SoFunction
Updated on 2024-11-10

python text data similarity measure

Edit Distance

The edit distance, also known as the Levenshtein distance, is used to count the number of insertions, deletions, and substitutions when converting one string to another. For example, converting 'dad' to 'bad' requires one replacement operation with an edit distance of 1.

The .edit_distance function implements the edit distance.

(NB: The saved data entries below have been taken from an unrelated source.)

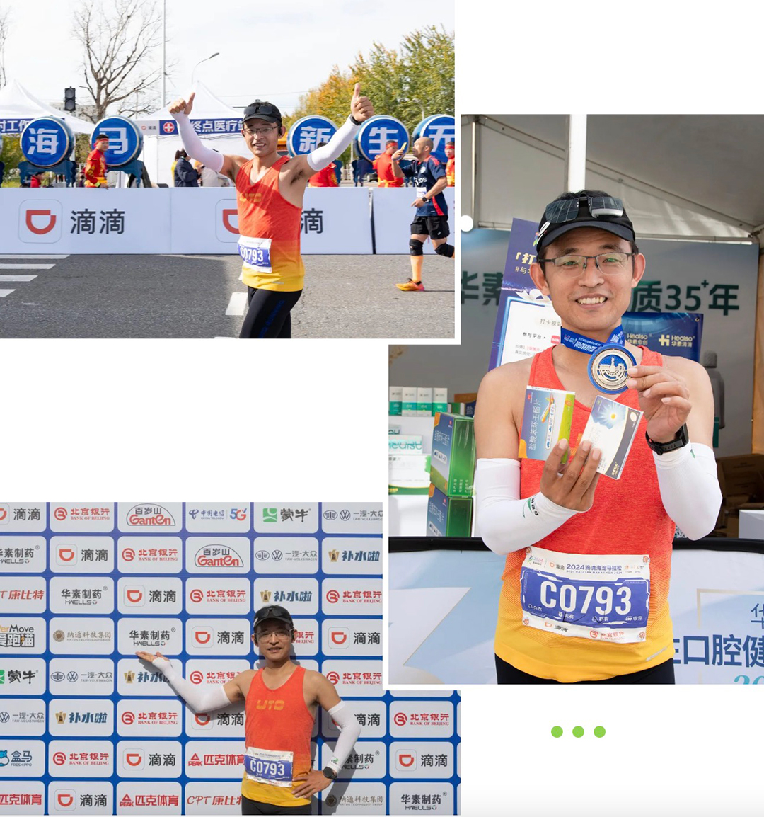 在这场激烈的角逐中,ok138cn太阳集团工程管理部的杨而宁也积极参与其中。经过漫长而艰苦的征程,杨而宁成功跑完全程。赛后采访中,杨而宁说道:“整个赛程的挑战都在后半程,这次的路线设计经过了我们公司的纳兰园老年公寓,在那有许多爷爷奶奶给我加油;到了30公里赛程时我已有疲惫感,但是想到这是我们自己的品牌“华素制药”赞助的赛事,终点还有我的同事们在等着我,心里充满了力量感,最后一鼓作气提速跑到了终点,非常感谢大家的鼓励和支持!”
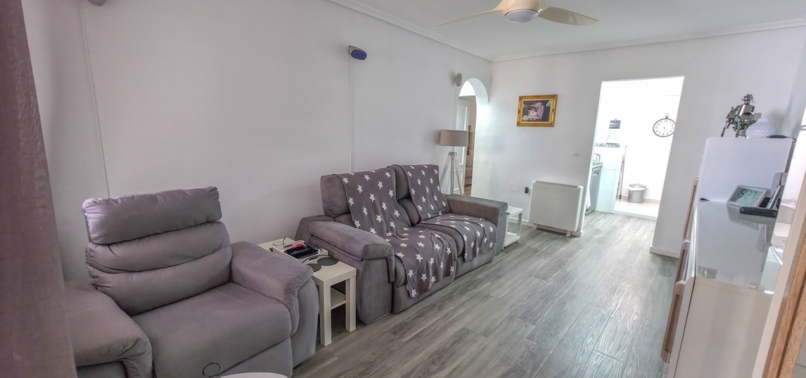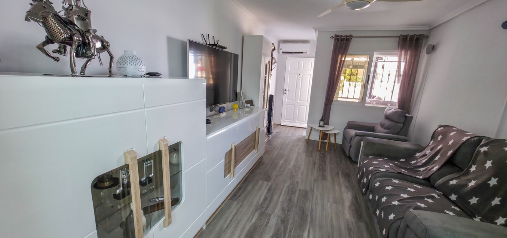 De woning is met zorg gerenoveerd om een lichte en eigentijdse woonruimte te creëren. Aan de voorzijde biedt een groot betegeld terras een uitnodigende buitenruimte en dient momenteel als privé parkeerplaats, compleet met een laadpunt voor elektrische voertuigen.
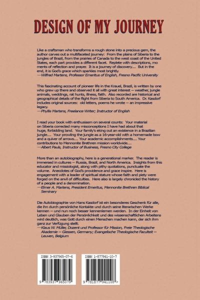 An Autobiography: The reader is immersed in cultures - Russia, Brazil, and North America. Insights from an educator and missiologist, along with pithy quotations, punctuate the volume. Here is engagement with a leader of spiritual stature whose faith and piety were forged on the anvil of difficulties. Here also is largely chronicled the history of a people and a denomination.
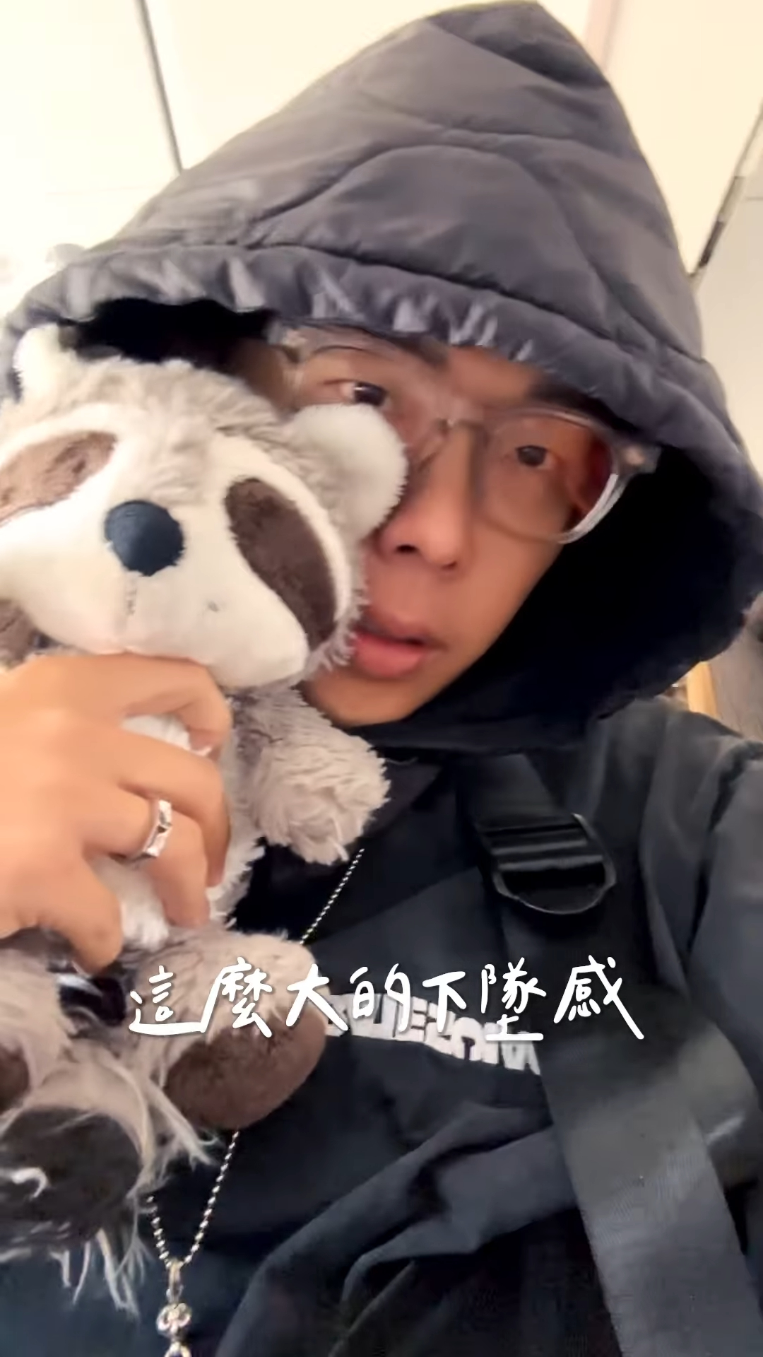 酷炫表示日前跟反骨團隊搭飛機到澳門工作時,遇到亂流攪局,他坦言:「坐飛機從沒體驗過這麼大的下墜感。這是我第一次覺得與死亡靠得這麼近。」雖然知道亂流不會嚴重到讓飛機墜機,但還是讓大家都很害怕,反觀身旁的艾瑞絲完全沒有受到影響,依舊呼呼大睡。只見影片中,因為亂流的關係,畫面搖晃得非常嚴重,甚至還有乘客嚇到放聲尖叫、緊握著彼此的手,空姐更敬業提醒大家要抓好扶手,注意安全。
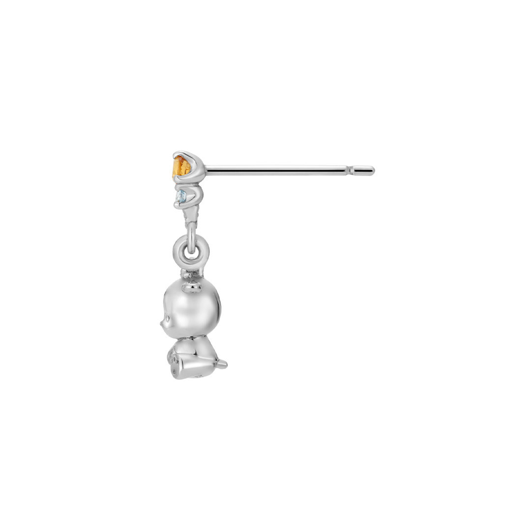 大好物のバナナアイスクリームをイメージした2色のカラーストーンをアクセントに耳やしっぽ、足の裏の細部まで、ポチャッコのチャームポイントを立体的に再現。シトリンとブルートパーズのさわやかな色味が上品な印象。
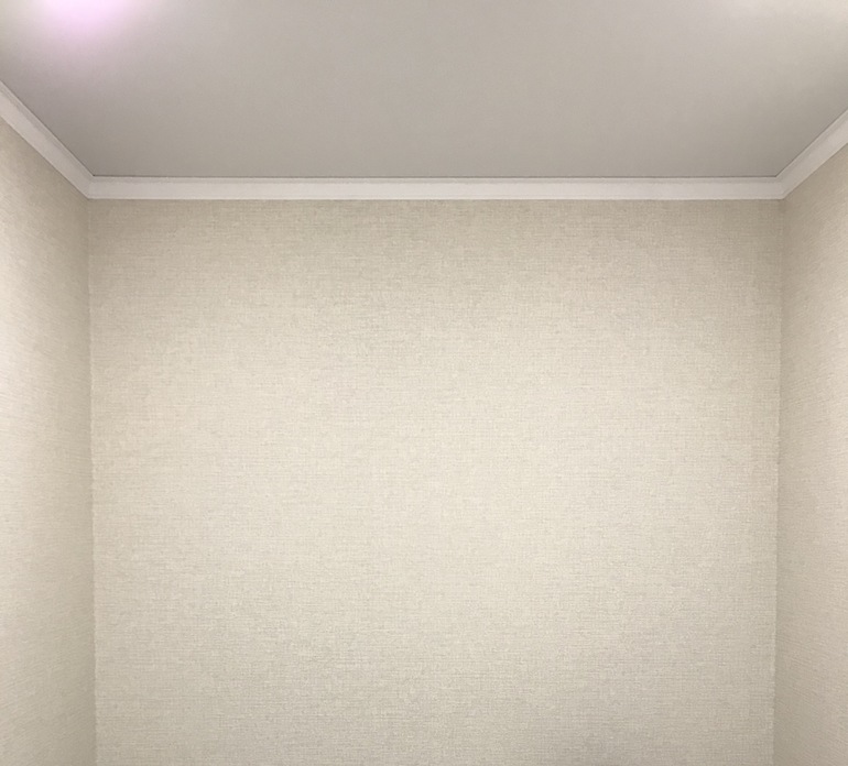 Вот тут правильно сделан плинтус и натяжной потолок. Щели нет, потому что плинтус крепится не к потолку, а гипсокартонному коробку, который был построен специально для этих целей
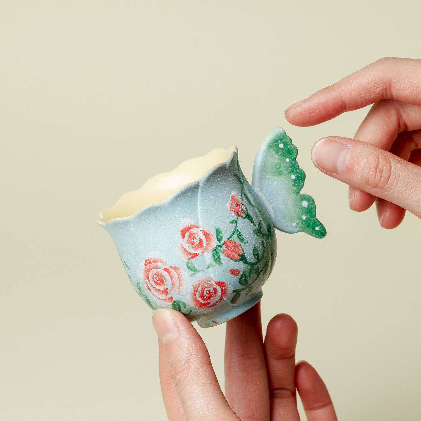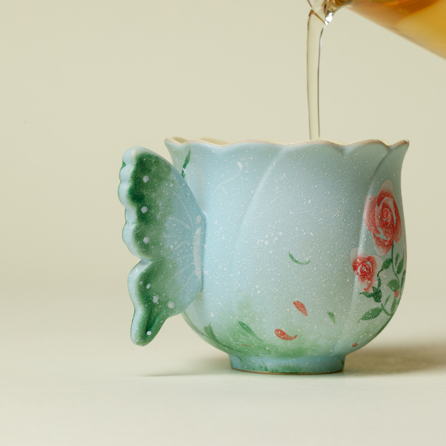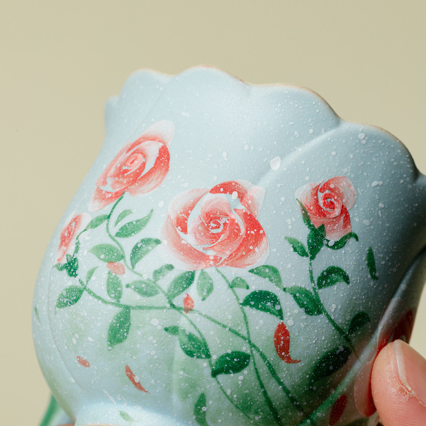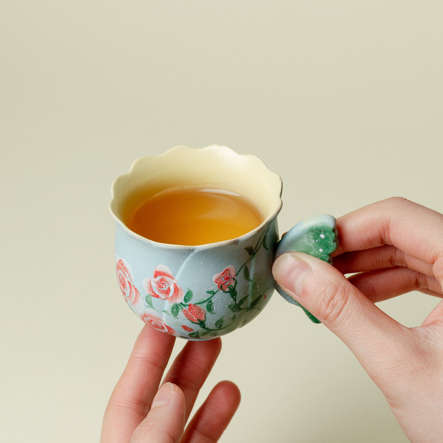 里作纯手绘玫瑰漫花主人杯精致女士功夫茶杯高颜值家用喝茶杯单杯
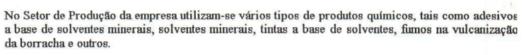 Embora o PPP mencione a exposição apenas a ruído abaixo dos limites de tolerância, o laudo ambiental () da empresa indica a exposição a agentes químicos no setor de produção:
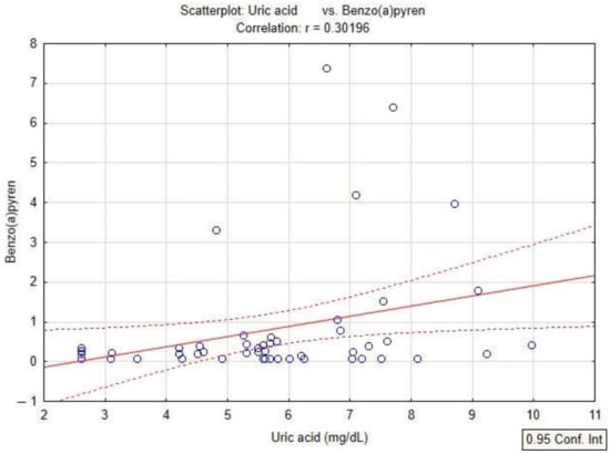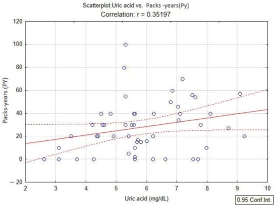 In the present study, the quantification of oxidative stress was studied by analyzing the content of PAHs, serum uric acid values and PAHs in patients diagnosed with COPD. The linear regression model applied to the dataset shows a positive correlation of serum uric acid with BaPy levels (p < 0.05, r = 0.30) in smokers and non-smokers diagnosed with COPD, and also with the smoking status of the patients by association with PY (packs-years) (p < 0.05, r = 0.35) in smokers diagnosed with COPD (Figure 4 and Figure 5).
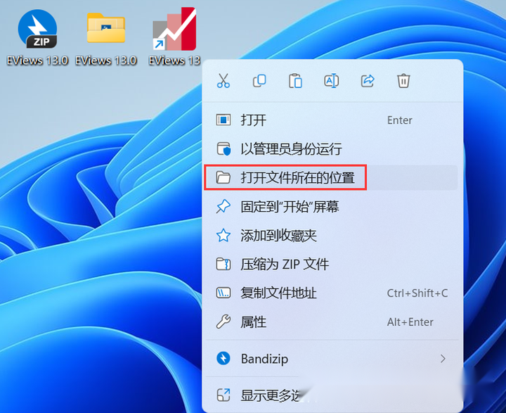 19、回到桌面,右键桌面上的【EViews 13软件图标】,点击【打开文件所在的位置】
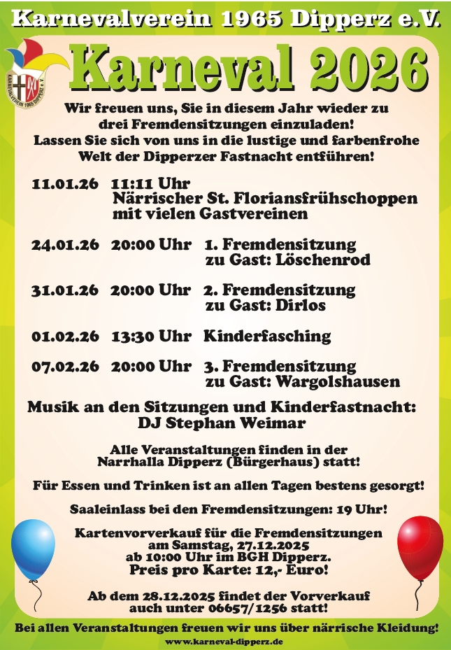 27.12.25. 10:00 Uhr: Kartenvorverkauf im BGH Dipperz
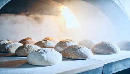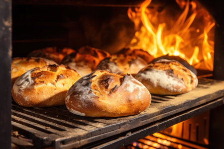 Closeup of artisan sourdough loaves in brick oven at equinox feast preparation, flour dusted wooden peel, glowing embers, shallow, warm harvest tradition atmosphere.
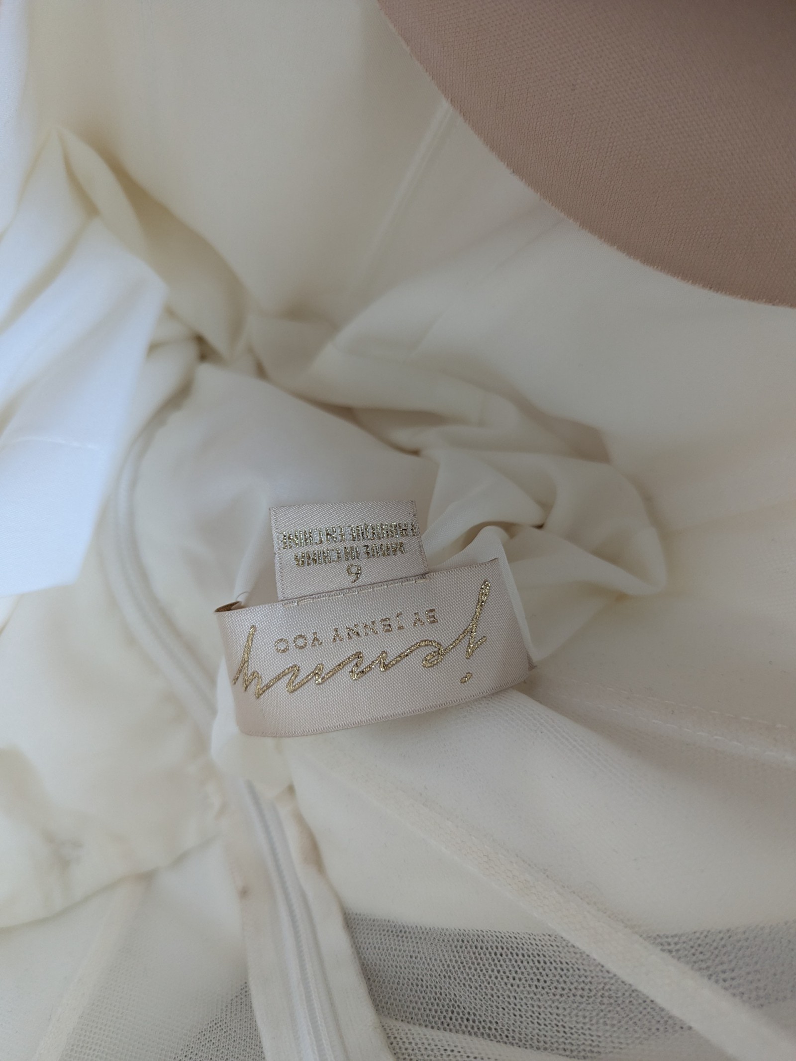 Jenny Yoo Preston dress. Alternations include added bustle, bust cups and hem. For reference, I am a little over 5' 3" and am wearing 4.25" heels in the photo. My bra size is 32C/D. The only noticeable marks on on the hem where the dress touched the ground, and a small mark on the middle bustle button. Can probably be washed out by hand. I will not be dry cleaning prior to shipping.
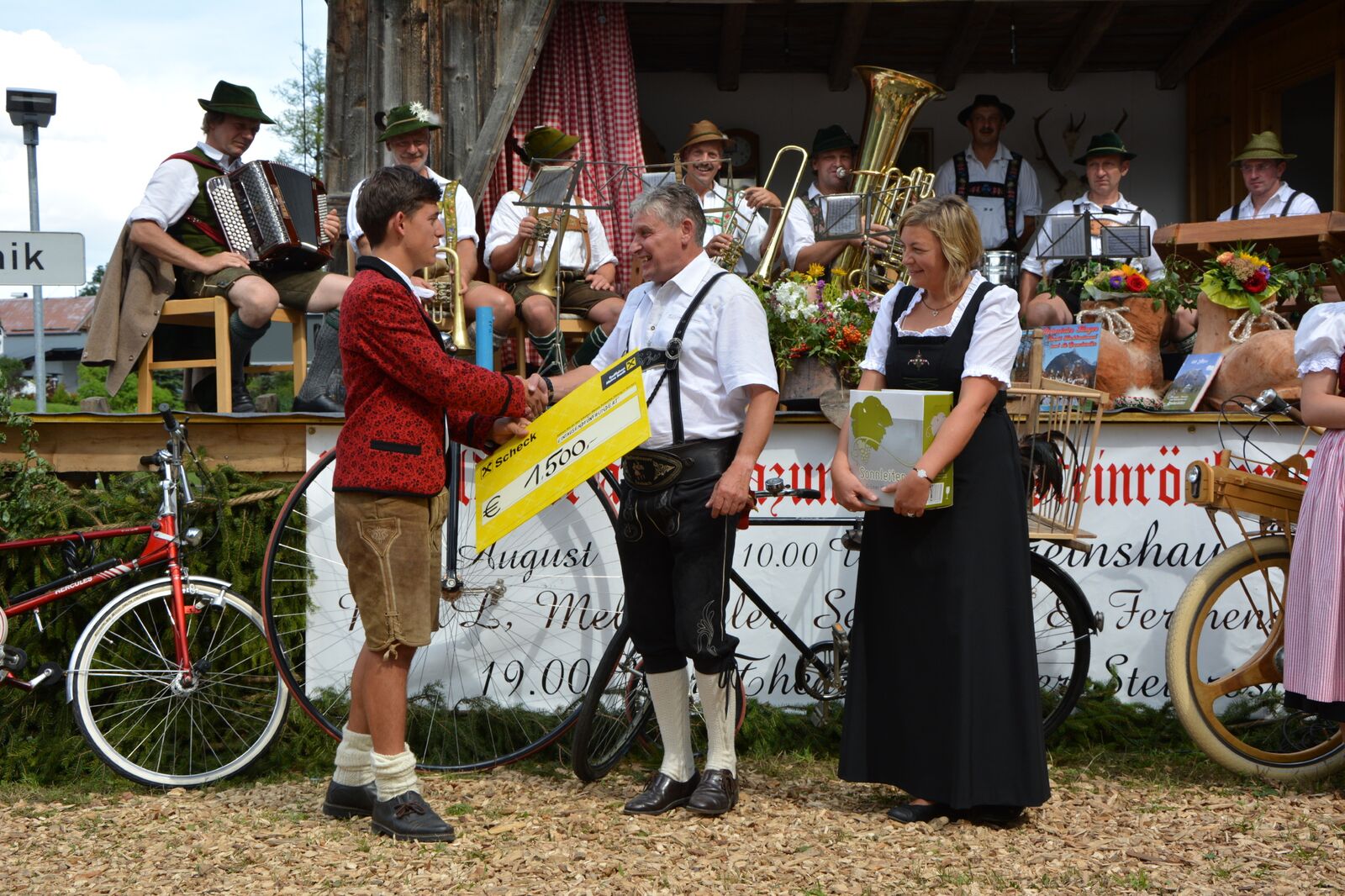 Vor gut einem Jahr wurde der Verein der Leutascher Kinderplattler gegründet, welcher mittlerweile unter dem Namen „D‘Wetterstoaner Schuachplattler“ läuft.  Seit da an „tanzen“ sie bei zahlreichen Veranstaltungen in der Region auf und sorgen dort für jede Menge Begeisterung. Auch bei unserem diesjährigen Osterball am 16. April 2017 waren sie dabei und machten den Auftanz gemeinsam mit uns Jungbauern zu einem Highlight. Zu den vielen Tanzproben, welche die jungen Plattler mit Freude meistern,  kommen natürlich auch andere  Herausforderungen auf den jungen Verein zu. So heißt es u.a. neue Trachten für die Kinder schneidern zu lassen. Die Leutascher Jungbauern wollen den neu gegründeten Verein und vor allem die vielen fleißigen und überaus motivierten Kinder unterstützen und spendeten € 1.500,- an die Kinderplattler. Die Übergabe des Schecks erfolgte dann beim Waldfest „anno dazumal“ der Steinrösler Sänger am 15. August 2017.  Nicht nur die Kinder, sondern auch die Leiter, welche so viel Herzblut in den Verein stecken, freuten sich über diese Überraschung. Wir, die Leutascher Jungbauern, wünschen den „Wetterstoaner Schuachplattlern“ alles Gute für die Zukunft und freuen uns auf weitere gemeinsame Auftritte.

from  import edit_distance

str1 = 'bad'
str2 = 'dad'
print(edit_distance(str1, str2))

N meta-syntactic similarity

The n-tuple syntax simply represents all possible consecutive sequences of n tokens in the text. n-tuple syntax specifically looks like this

import nltk

#Show 2-tuple syntax here
text1 = 'Chief Executive Officer'

The #bigram considers matching the beginning and the end, all using pad_right and pad_left
ceo_bigrams = ((),pad_right=True,pad_left=True)

print(list(ceo_bigrams))
[(None, 'Chief'), ('Chief', 'Executive'), 
('Executive', 'Officer'), ('Officer', None)]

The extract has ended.